The AGM decided to authorise the Board of Directors to decide on the acquisition of the company's own shares. The total number of own shares to be repurchased under this authorisation does not exceed 300 000 shares, which corresponds to approximately 7.6% of the current total number of shares in the company. However, the Company, together with its subsidiaries, may not own and/or pledge more than 10% of all the shares in the Company at any time. Under the authorisation, own shares may only be acquired with free equity. Treasury shares may be acquired at the price prevailing in multilateral trading on the day of acquisition or at any other market price. Shares may also be acquired in the open market at a price not exceeding the market price in the open market at the time of acquisition. The Board of Directors decides how the shares are to be acquired. Treasury shares may be acquired otherwise than in proportion to the shares held by the shareholders (directed acquisition) if there is a weighty economic reason for the company to do so in accordance with Chapter 15, Section 6 of the Companies Act. Own shares may be acquired for the purpose of developing the company's capital structure, for the purpose of transferring them for the financing or implementation of possible acquisitions, investments or other arrangements relating to the company's business, for use in the company's incentive schemes or otherwise for further transfer, retention or cancellation. The authorisation cancels the authorisation granted by the Annual General Meeting of 24 March 2022. The authorisation is valid until the next Annual General Meeting, but not later than 30 June 2024.

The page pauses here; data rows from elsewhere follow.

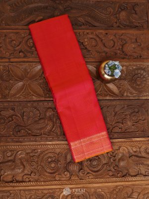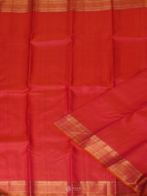 This Pinkish Orange Kanjeevaram Silk Saree, a refined piece woven with the intricate vaira oosi technique. The rich Pinkish Orange body is complemented by a lustrous gold zari border and pallu, adding a regal charm to its traditional appeal. Crafted from pure silk, this saree captures the perfect blend of sophistication and heritage.
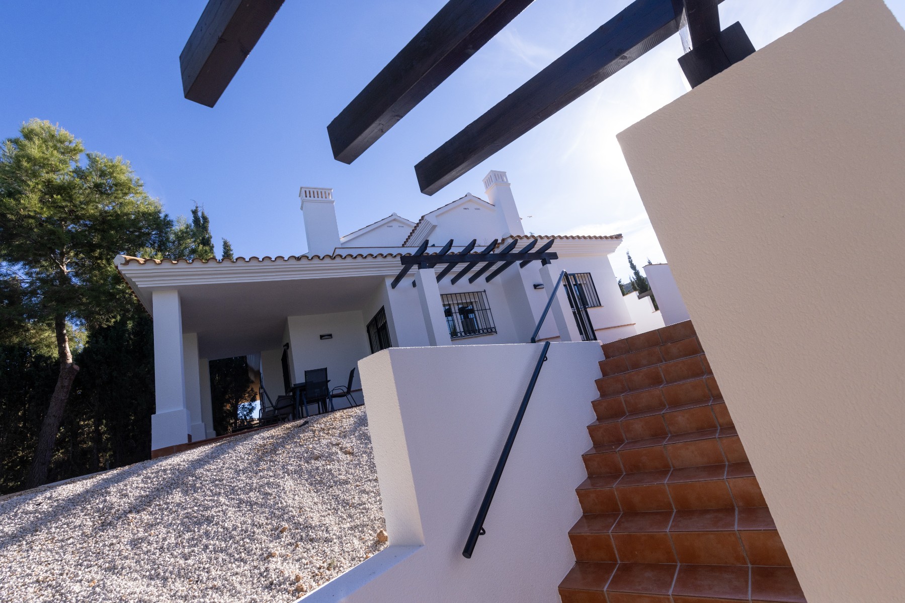 Explore the exclusivity of Altos de las Palas, Fuente Álamo, Murcia, in our three-bedroom, two-bathroom villas. These exceptional residences are designed around an interior courtyard that provides spaciousness and light, creating a cozy atmosphere connected to the surrounding nature. Enjoy the panoramic view from the rooftop terrace, a perfect place to relax and contemplate the landscapes that surround you. The architecture reflects the charm of traditional Mediterranean style, blending the classic with modern and respectful design. Each villa features two generous porches that extend your living spaces outdoors, all framed by a spacious plot of 800 square meters. Immerse yourself in the tranquility of nature while experiencing top-notch quality in every corner of your home. Community pool. The kitchen, fully furnished and equipped with modern appliances, becomes the heart of the home, where functionality meets elegance. Security is guaranteed with a reinforced door that offers peace of mind and protection. The villas are carefully finished. The entrance door with both sides paneled in rustic pine wood. The interior carpentry of rustic Castilian pine wood adds an authentic and warm touch to your home. Experience brightness in every corner, where the spaces are designed to maximize the entry of natural light. These villas not only offer a residence but a lifestyle where comfort meets elegance, all within the wonderful surroundings of beautiful Murcia.
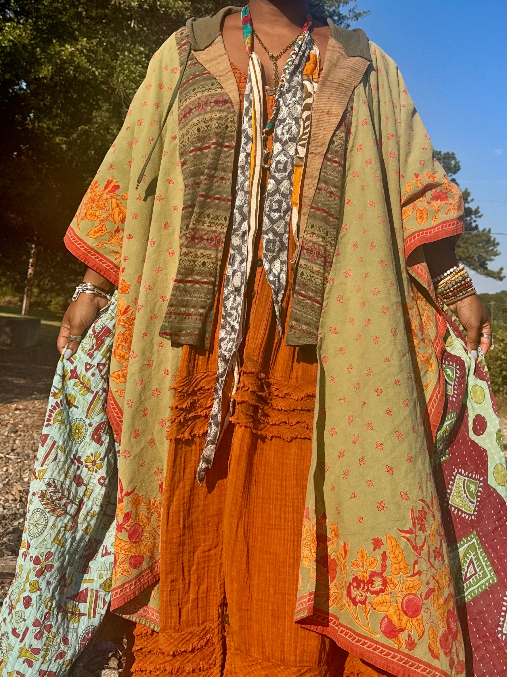 - Upcycled from a hoodie, Kantha and fabrics hand sourced in Bali.
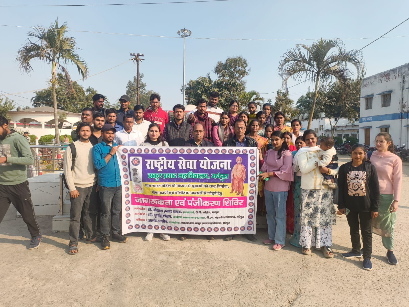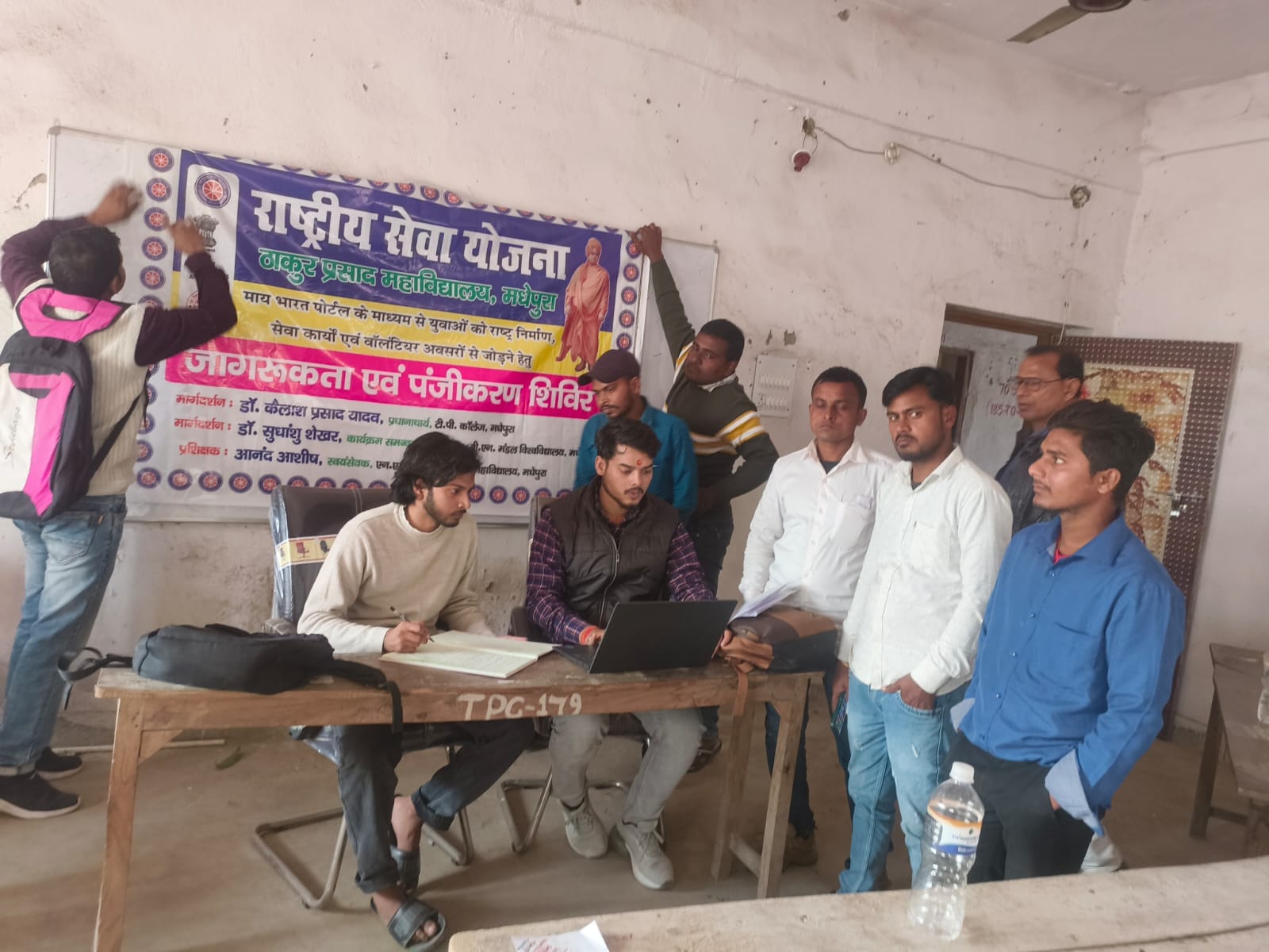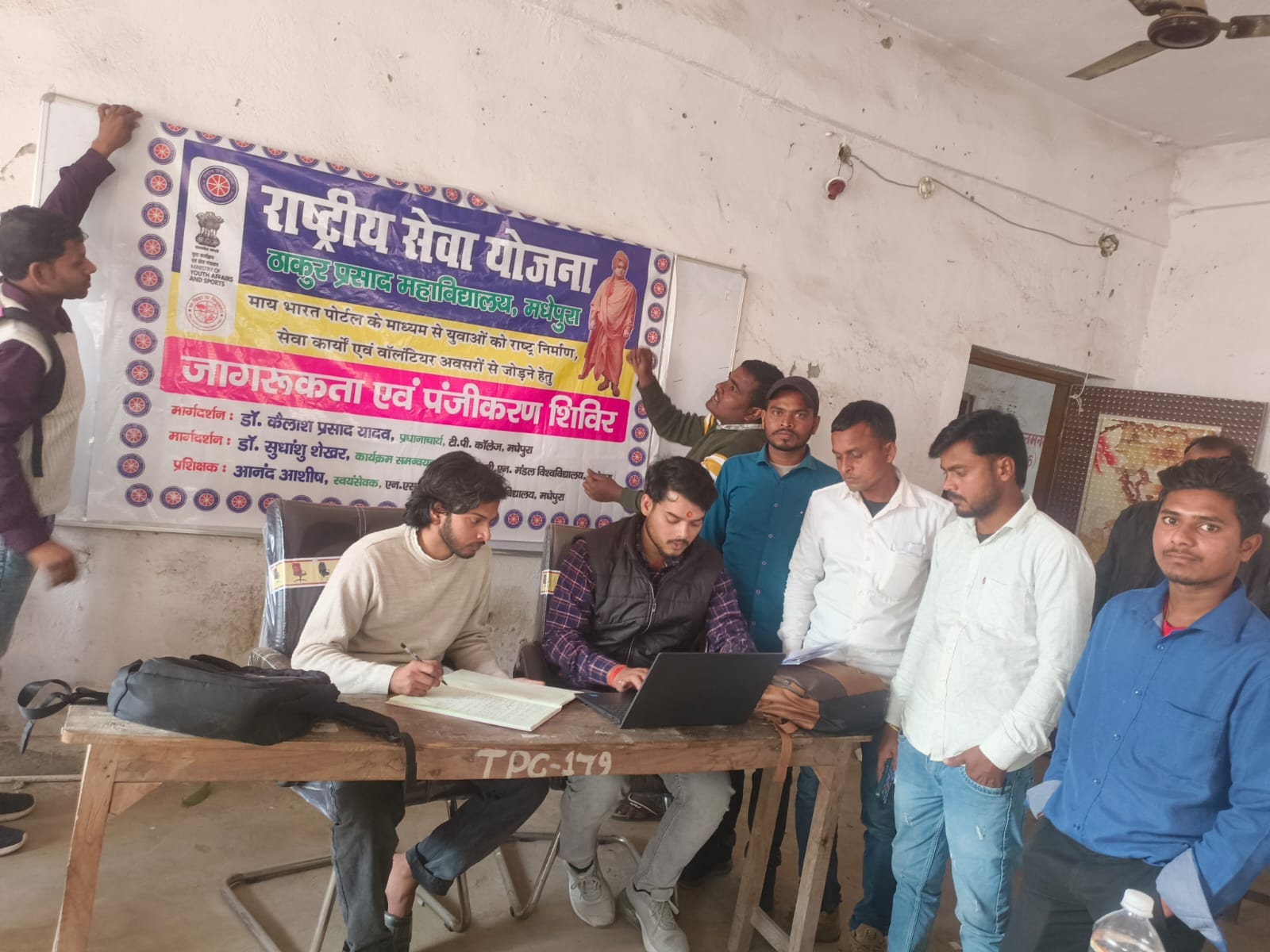मधेपुरा। राष्ट्रीय सेवा योजना (एनएसएस), ठाकुर प्रसाद महाविद्यालय, मधेपुरा द्वारा माय भारत पोर्टल के माध्यम से युवाओं को राष्ट्र निर्माण, सेवा कार्यों एवं वॉलंटियर अवसरों से जोड़ने हेतु एक दिवसीय जागरूकता एवं पंजीकरण शिविर का आयोजन किया गया।
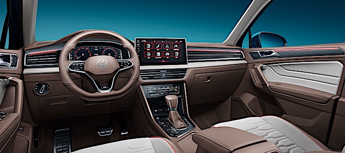 在车舱内部,新车的装饰风格也经过全新设计。新车搭载全新12英寸悬浮式中控屏,具有智能语音、隔空手势、触摸控制等功能,同时集成智能在线实时导航、车辆设置、拨打电话等操作。此外,新车还提供10.3英寸全数字液晶仪表、全新R-Line专属真皮多功能方向盘、30色LED环境氛围灯、哈曼卡顿高级音响系统等,令全新数字座舱的交互体验进入一个全新层次。
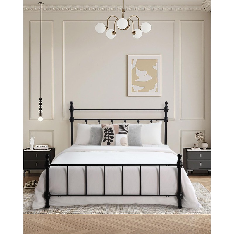 - 【Elegant Retro Design】This bed frame queen size showcases a vintage luxury Roman column design that adds a touch of sophistication to any bedroom decor, making it a centerpiece of style and charm.

The AGM resolved to authorise the Board of Directors to decide on the share issue and on the issue of option rights and other special rights entitling to shares within the meaning of Chapter 10, Section 1 of the Companies Act in one or more tranches. Based on the authorisation, a maximum of 390 000 shares (including shares to be issued on the basis of special rights) may be issued, which corresponds to approximately 9.9% of the current number of all shares in the company. The Board of Directors will decide on the terms and conditions of the share issue and the issue of warrants and other special rights entitling to shares. Under the authorisation, both new shares and shares held by the company may be issued. New shares may be issued and shares held by the company may be transferred either against payment or free of charge. The issue and transfer of shares, option rights and other special rights entitling to shares may be effected by way of derogation from the shareholders' pre-emptive subscription rights (directed issue) if there are weighty economic reasons from the company's point of view, such as the use of the shares for the purpose of developing the company's capital structure, for possible acquisitions, investments or other arrangements relating to the company's business or for the implementation of the company's commitment and incentive schemes. The Board of Directors may also decide on a share issue free of charge to the company itself. This authorisation cancels the authorisation granted by the Annual General Meeting of 24 March 2022. The authorisation is valid until the next Annual General Meeting, but not later than 30 June 2024.